## Assigned task:
Write out each line of the listing as it stands, without the images.

## Data block:
════════════════

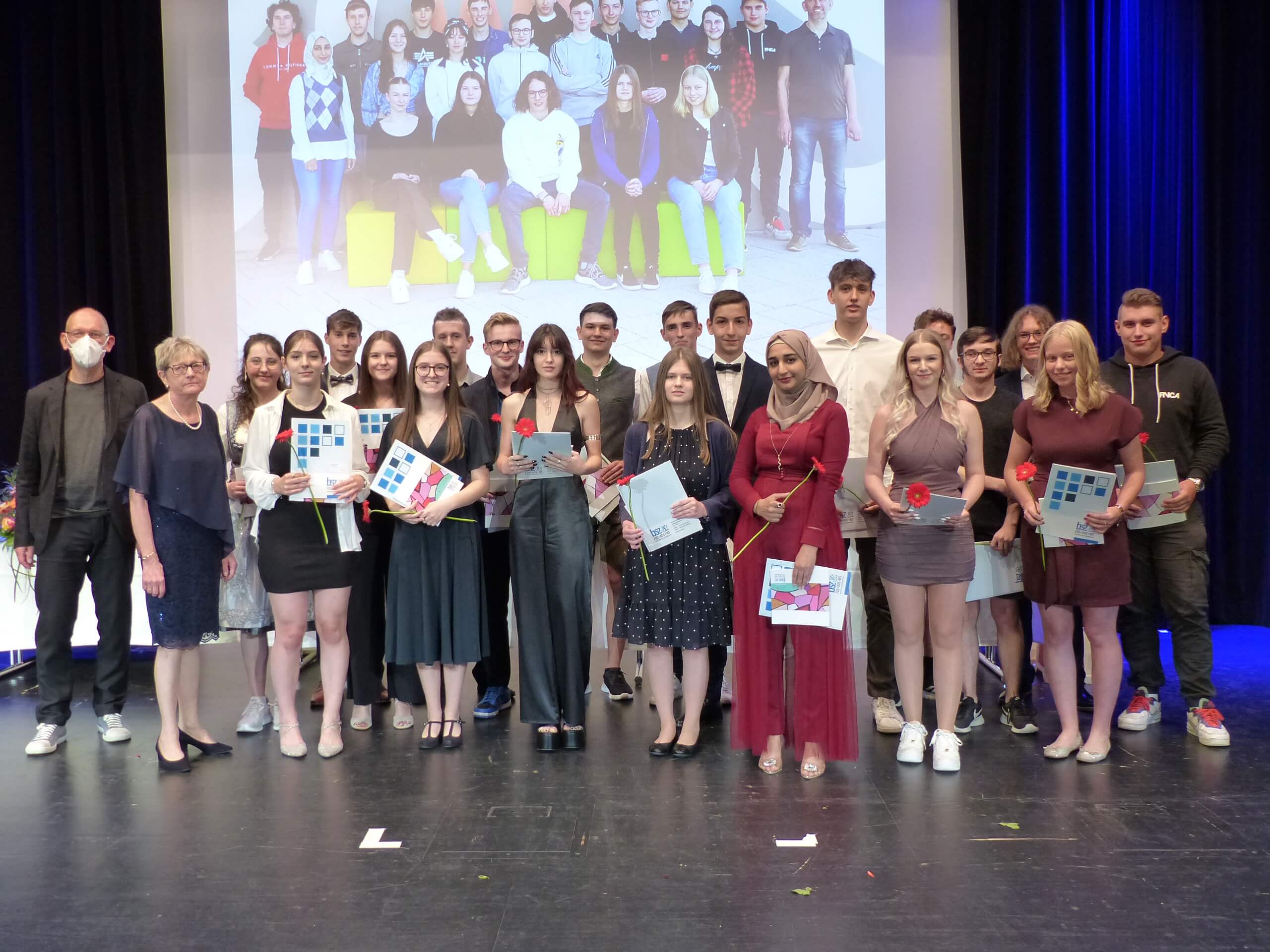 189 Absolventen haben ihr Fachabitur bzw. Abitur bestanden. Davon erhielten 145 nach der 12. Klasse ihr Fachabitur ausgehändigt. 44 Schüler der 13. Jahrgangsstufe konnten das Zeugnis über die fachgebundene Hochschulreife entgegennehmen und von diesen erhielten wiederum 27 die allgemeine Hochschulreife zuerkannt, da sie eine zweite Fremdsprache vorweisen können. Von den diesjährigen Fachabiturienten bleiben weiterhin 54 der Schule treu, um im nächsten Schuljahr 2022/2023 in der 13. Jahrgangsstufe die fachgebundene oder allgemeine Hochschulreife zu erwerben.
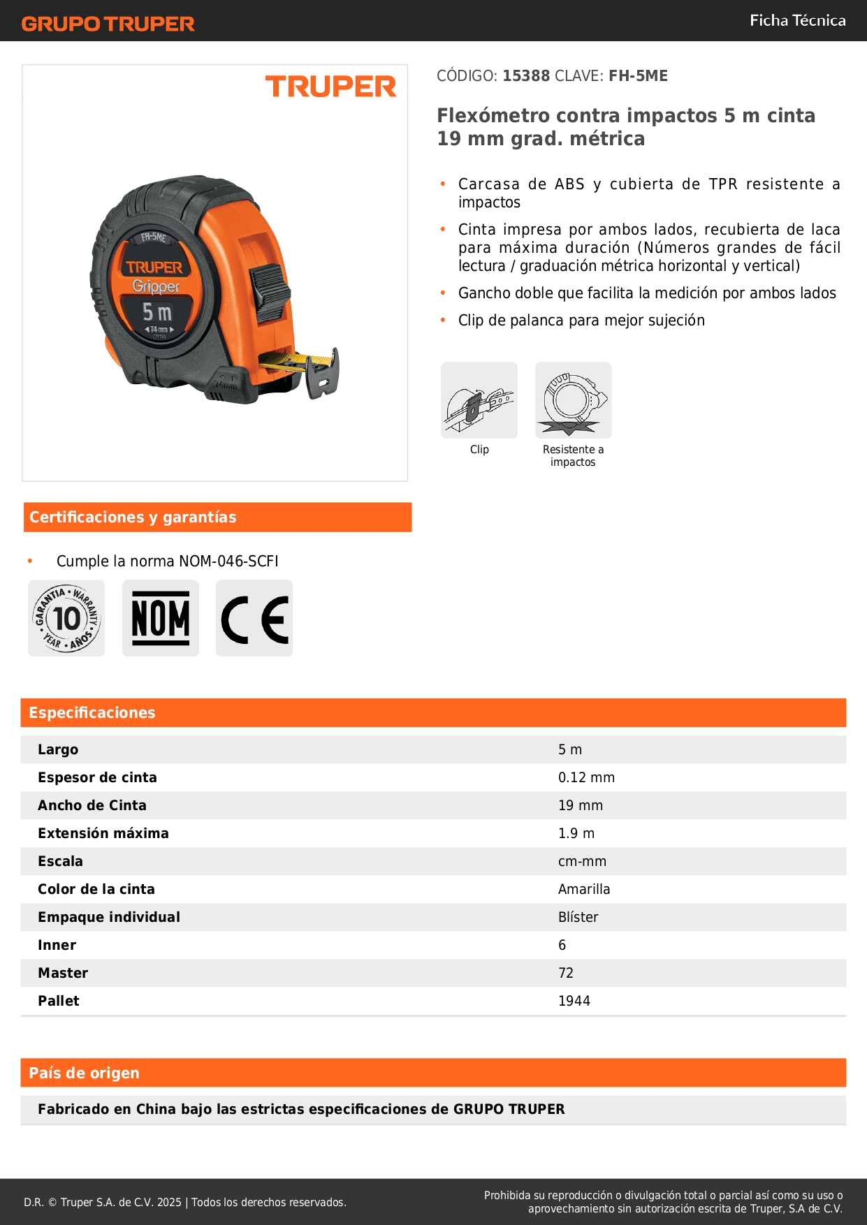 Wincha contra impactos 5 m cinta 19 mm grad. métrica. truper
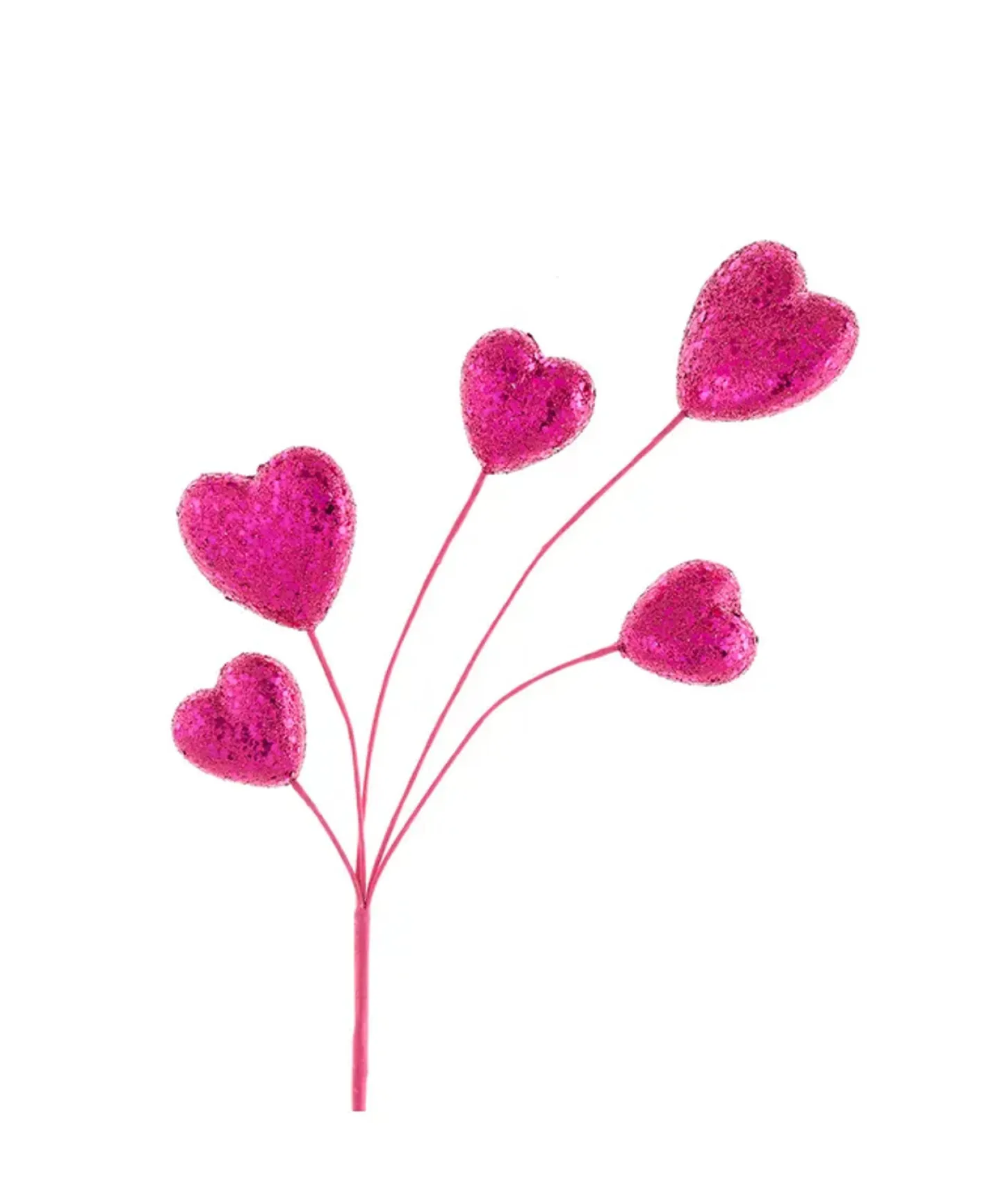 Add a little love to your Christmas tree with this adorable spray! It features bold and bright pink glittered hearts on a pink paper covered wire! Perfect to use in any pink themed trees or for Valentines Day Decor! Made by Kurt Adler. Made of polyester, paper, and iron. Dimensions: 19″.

════════════════

## Exercise result:
 189 Absolventen haben ihr Fachabitur bzw. Abitur bestanden. Davon erhielten 145 nach der 12. Klasse ihr Fachabitur ausgehändigt. 44 Schüler der 13. Jahrgangsstufe konnten das Zeugnis über die fachgebundene Hochschulreife entgegennehmen und von diesen erhielten wiederum 27 die allgemeine Hochschulreife zuerkannt, da sie eine zweite Fremdsprache vorweisen können. Von den diesjährigen Fachabiturienten bleiben weiterhin 54 der Schule treu, um im nächsten Schuljahr 2022/2023 in der 13. Jahrgangsstufe die fachgebundene oder allgemeine Hochschulreife zu erwerben.
 Wincha contra impactos 5 m cinta 19 mm grad. métrica. truper
 Add a little love to your Christmas tree with this adorable spray! It features bold and bright pink glittered hearts on a pink paper covered wire! Perfect to use in any pink themed trees or for Valentines Day Decor! Made by Kurt Adler. Made of polyester, paper, and iron. Dimensions: 19″.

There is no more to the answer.